### EXERCISE INSTRUCTIONS
Give the listing again word for word. Skip the pictures.

### INPUT DATA
::::::

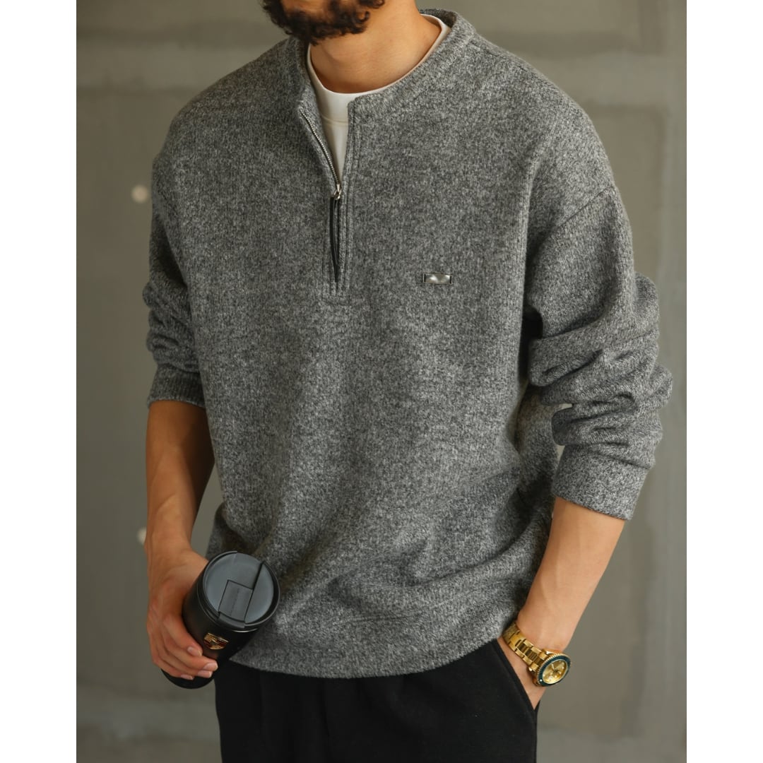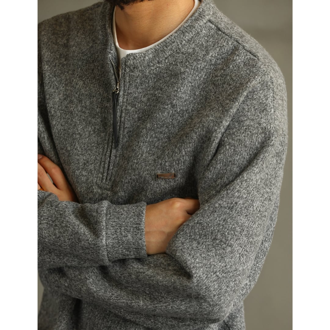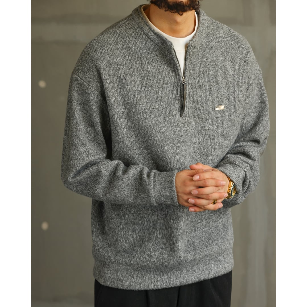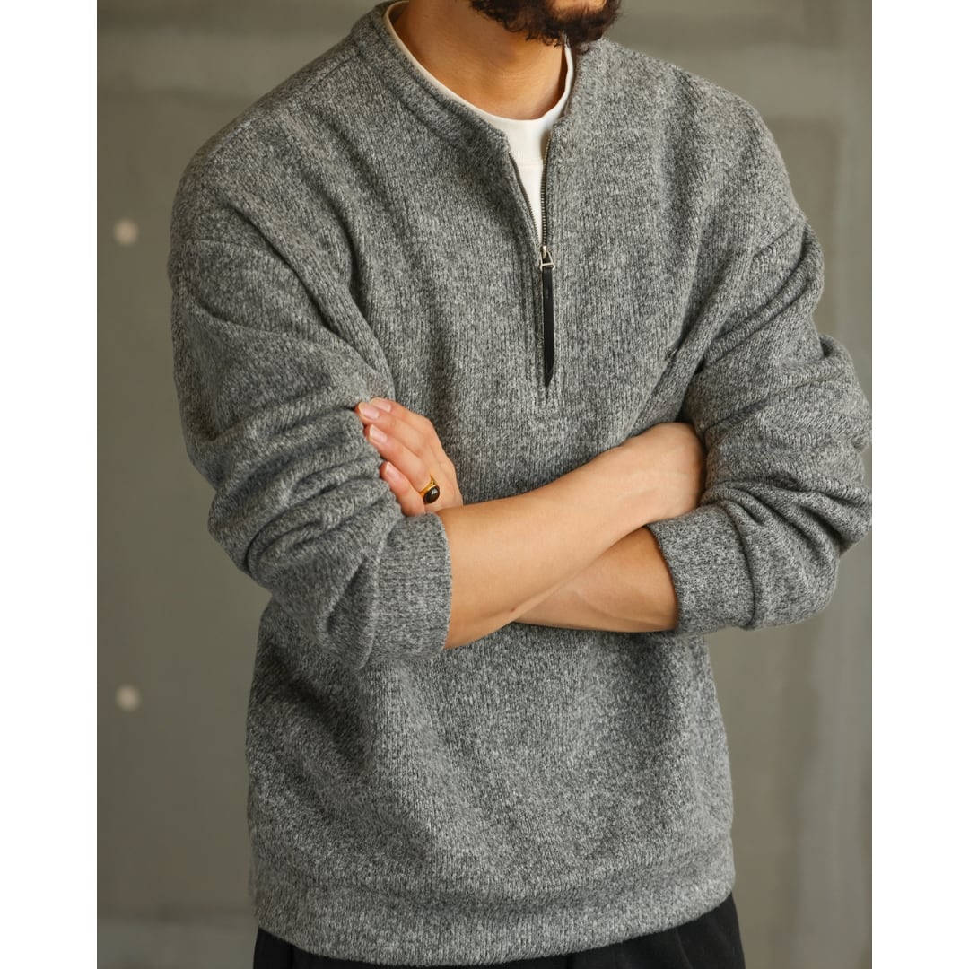 ゆったりとしたシルエットが魅力のハーフジップニット。
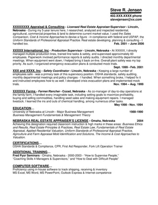 The document is a resume for Steve R. Jensen, who is seeking a challenging Production Supervisor position managing people and multiple production lines. He has 20 years of experience supervising production operations and safety protocols in manufacturing facilities. His management style focuses on lean principles and continuous improvement to keep employees happy while producing high-quality, low-cost products with short delivery times. He also has experience in real estate appraisal.
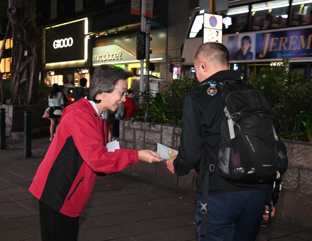 香港新聞網11月27日電 香港特區政府公務員事務局義工隊27日晚上到尖沙咀區,向商鋪店員和市民大眾宣傳區選齊投票,並派發宣傳單張,呼籲市民在12月10日投票選出為社區服務的區議員。
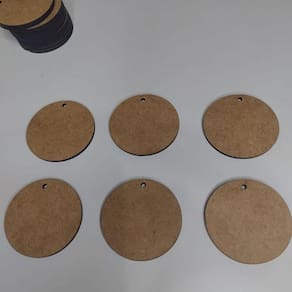Chaveiro em MDF 3mm, é cortado a laser redondo com furo

::::::

### TASK RESPONSE
 ゆったりとしたシルエットが魅力のハーフジップニット。
 The document is a resume for Steve R. Jensen, who is seeking a challenging Production Supervisor position managing people and multiple production lines. He has 20 years of experience supervising production operations and safety protocols in manufacturing facilities. His management style focuses on lean principles and continuous improvement to keep employees happy while producing high-quality, low-cost products with short delivery times. He also has experience in real estate appraisal.
 香港新聞網11月27日電 香港特區政府公務員事務局義工隊27日晚上到尖沙咀區,向商鋪店員和市民大眾宣傳區選齊投票,並派發宣傳單張,呼籲市民在12月10日投票選出為社區服務的區議員。
Chaveiro em MDF 3mm, é cortado a laser redondo com furo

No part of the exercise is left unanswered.